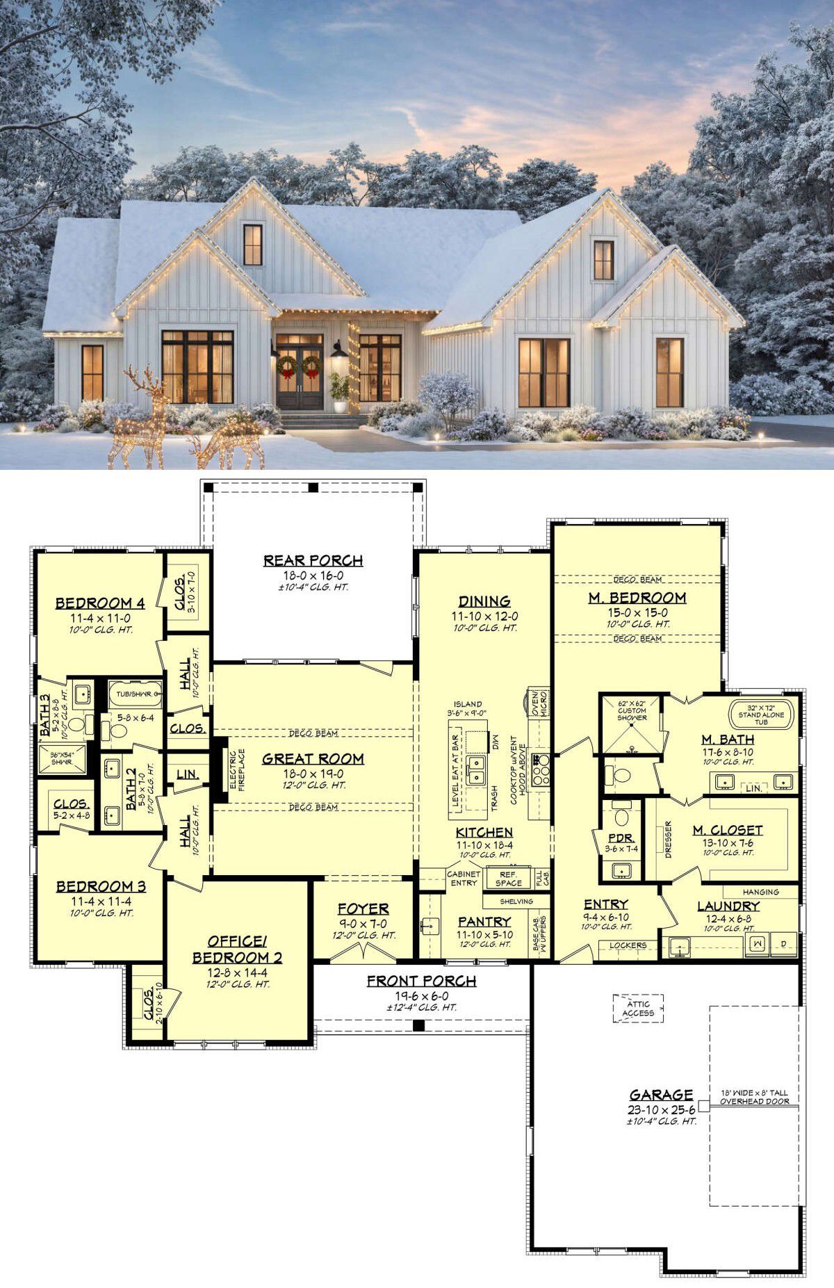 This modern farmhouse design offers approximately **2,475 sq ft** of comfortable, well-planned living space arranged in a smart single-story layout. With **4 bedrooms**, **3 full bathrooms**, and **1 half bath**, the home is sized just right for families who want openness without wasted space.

*-*-*

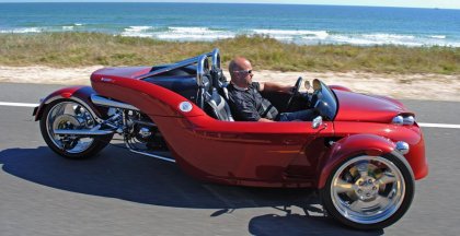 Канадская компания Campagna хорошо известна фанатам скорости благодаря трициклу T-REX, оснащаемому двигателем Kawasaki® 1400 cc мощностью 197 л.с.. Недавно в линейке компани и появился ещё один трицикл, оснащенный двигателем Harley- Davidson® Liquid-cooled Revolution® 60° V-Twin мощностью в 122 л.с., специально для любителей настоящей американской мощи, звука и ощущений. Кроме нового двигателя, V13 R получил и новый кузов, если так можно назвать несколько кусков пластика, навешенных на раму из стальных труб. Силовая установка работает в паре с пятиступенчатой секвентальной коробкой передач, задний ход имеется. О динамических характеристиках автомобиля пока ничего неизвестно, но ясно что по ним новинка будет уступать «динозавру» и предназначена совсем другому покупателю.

*-*-*

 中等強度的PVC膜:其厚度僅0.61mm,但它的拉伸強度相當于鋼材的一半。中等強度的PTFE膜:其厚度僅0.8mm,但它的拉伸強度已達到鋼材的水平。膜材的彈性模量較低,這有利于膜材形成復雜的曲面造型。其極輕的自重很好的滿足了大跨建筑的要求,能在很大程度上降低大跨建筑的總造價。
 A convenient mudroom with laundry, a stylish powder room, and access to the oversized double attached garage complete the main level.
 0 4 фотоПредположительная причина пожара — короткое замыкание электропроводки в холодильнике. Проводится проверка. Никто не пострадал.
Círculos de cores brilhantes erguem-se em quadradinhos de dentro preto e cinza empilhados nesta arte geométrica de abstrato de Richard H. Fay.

*-*-*

◆ **PROBLEM DESCRIPTION**: In the entries above, find the line with "A convenient mudroom" and the line with "Círculos de cores", then set down exactly those two and every line between them, nothing else.

◆ **RESULT FOR THIS EXERCISE**:
 A convenient mudroom with laundry, a stylish powder room, and access to the oversized double attached garage complete the main level.
 0 4 фотоПредположительная причина пожара — короткое замыкание электропроводки в холодильнике. Проводится проверка. Никто не пострадал.
Círculos de cores brilhantes erguem-se em quadradinhos de dentro preto e cinza empilhados nesta arte geométrica de abstrato de Richard H. Fay.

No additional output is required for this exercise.